▶ [Work instruction]
Lines from the one containing "暖かな着心地と美しいシルエッ" to the end of the records, both ends included and exactly as written, are the whole answer, and no pictures go in it.

Recorded data:

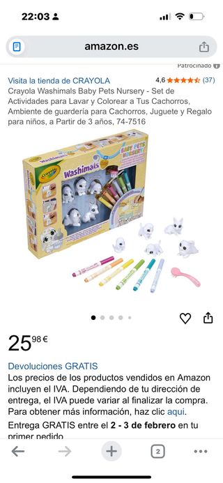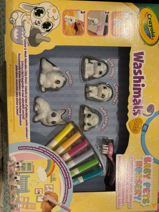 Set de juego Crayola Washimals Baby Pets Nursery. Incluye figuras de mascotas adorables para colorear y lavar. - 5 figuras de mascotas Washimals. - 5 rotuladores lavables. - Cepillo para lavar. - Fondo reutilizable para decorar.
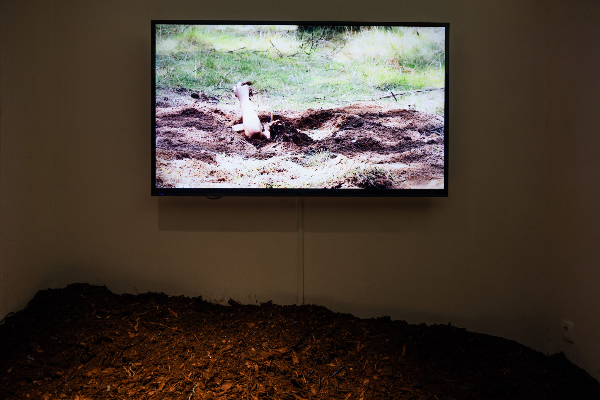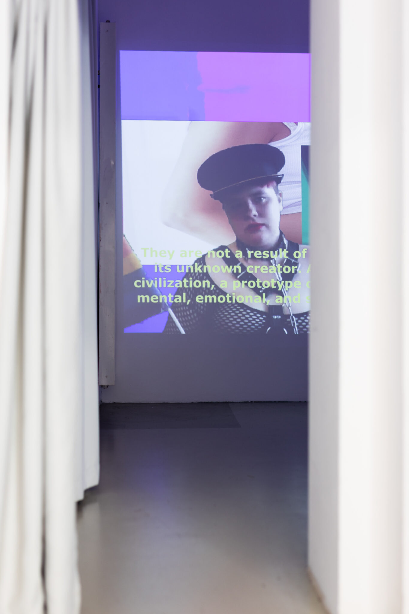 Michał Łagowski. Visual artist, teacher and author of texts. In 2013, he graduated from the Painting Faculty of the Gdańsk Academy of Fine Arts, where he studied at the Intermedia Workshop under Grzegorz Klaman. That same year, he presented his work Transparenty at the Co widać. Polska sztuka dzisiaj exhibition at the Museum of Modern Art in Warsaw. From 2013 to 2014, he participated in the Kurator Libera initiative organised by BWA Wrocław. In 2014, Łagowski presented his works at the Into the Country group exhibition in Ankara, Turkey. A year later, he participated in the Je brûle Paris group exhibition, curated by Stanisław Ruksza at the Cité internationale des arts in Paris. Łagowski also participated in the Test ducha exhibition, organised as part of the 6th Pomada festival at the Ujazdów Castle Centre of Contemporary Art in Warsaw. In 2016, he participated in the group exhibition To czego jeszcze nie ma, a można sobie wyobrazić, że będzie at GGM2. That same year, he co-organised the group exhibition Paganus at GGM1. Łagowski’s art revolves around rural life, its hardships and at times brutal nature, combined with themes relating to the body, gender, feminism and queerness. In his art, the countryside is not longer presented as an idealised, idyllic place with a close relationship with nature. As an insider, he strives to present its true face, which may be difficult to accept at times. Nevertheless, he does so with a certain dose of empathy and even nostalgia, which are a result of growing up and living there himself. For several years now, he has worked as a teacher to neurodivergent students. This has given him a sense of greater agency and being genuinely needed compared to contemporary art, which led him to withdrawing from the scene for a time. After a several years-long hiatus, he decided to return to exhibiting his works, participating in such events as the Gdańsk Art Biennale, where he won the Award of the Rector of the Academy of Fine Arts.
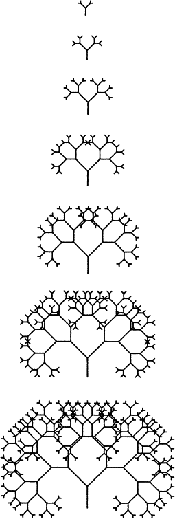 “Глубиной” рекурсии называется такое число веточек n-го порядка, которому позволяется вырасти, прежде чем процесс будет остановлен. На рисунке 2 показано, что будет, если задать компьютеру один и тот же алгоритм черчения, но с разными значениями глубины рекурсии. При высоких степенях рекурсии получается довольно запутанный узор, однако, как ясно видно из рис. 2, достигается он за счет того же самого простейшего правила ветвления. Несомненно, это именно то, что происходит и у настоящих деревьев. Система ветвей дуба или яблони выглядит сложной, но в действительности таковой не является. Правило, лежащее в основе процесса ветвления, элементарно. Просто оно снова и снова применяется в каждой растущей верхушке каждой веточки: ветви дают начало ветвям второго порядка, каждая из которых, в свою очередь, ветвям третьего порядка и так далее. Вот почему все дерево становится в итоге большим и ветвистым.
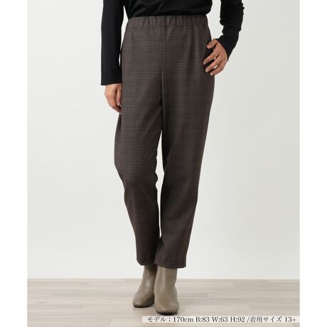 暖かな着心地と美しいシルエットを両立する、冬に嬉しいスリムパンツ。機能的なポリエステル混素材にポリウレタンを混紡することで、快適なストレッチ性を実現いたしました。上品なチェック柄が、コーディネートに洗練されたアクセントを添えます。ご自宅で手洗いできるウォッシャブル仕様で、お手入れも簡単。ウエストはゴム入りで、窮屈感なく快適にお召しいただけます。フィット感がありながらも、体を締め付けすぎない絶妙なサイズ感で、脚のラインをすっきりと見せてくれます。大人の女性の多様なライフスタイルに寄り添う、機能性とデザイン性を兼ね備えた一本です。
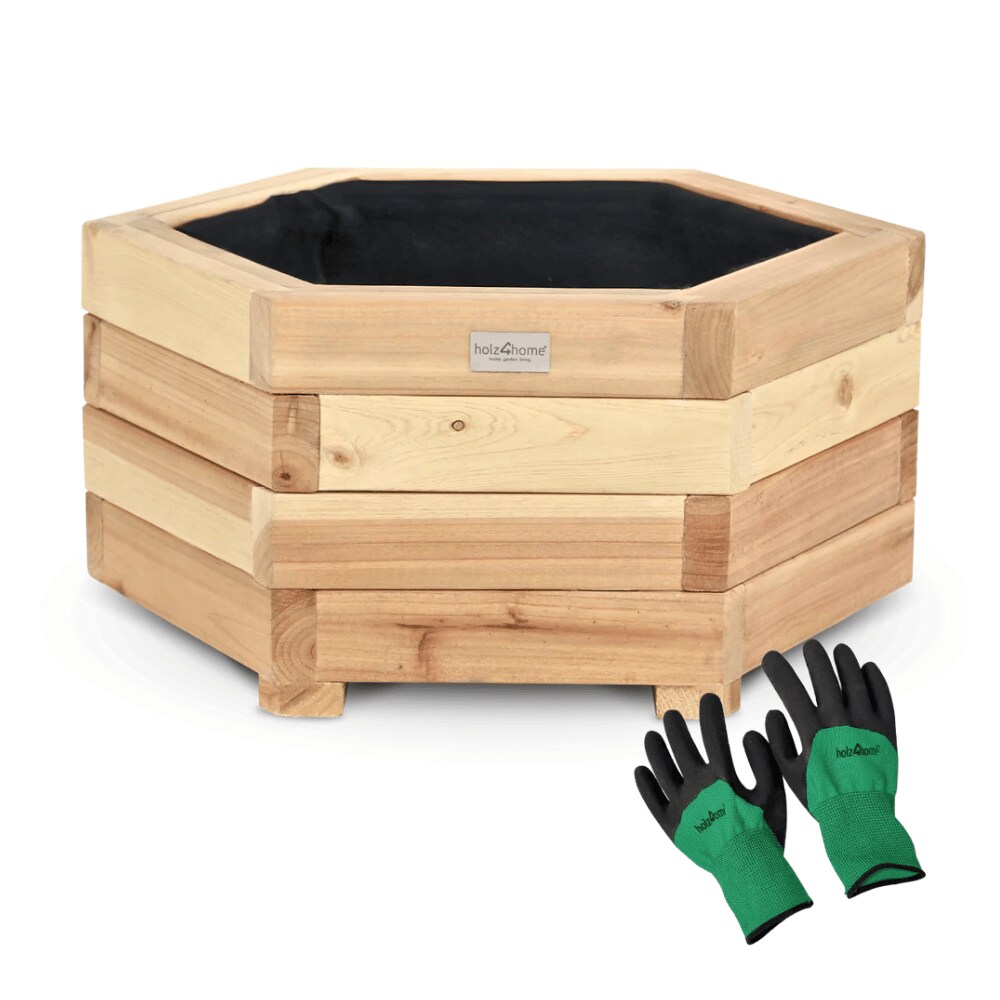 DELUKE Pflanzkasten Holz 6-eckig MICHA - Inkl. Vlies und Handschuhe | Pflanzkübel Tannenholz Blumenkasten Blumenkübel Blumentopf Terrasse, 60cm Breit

▶ [Worked solution]
 暖かな着心地と美しいシルエットを両立する、冬に嬉しいスリムパンツ。機能的なポリエステル混素材にポリウレタンを混紡することで、快適なストレッチ性を実現いたしました。上品なチェック柄が、コーディネートに洗練されたアクセントを添えます。ご自宅で手洗いできるウォッシャブル仕様で、お手入れも簡単。ウエストはゴム入りで、窮屈感なく快適にお召しいただけます。フィット感がありながらも、体を締め付けすぎない絶妙なサイズ感で、脚のラインをすっきりと見せてくれます。大人の女性の多様なライフスタイルに寄り添う、機能性とデザイン性を兼ね備えた一本です。
 DELUKE Pflanzkasten Holz 6-eckig MICHA - Inkl. Vlies und Handschuhe | Pflanzkübel Tannenholz Blumenkasten Blumenkübel Blumentopf Terrasse, 60cm Breit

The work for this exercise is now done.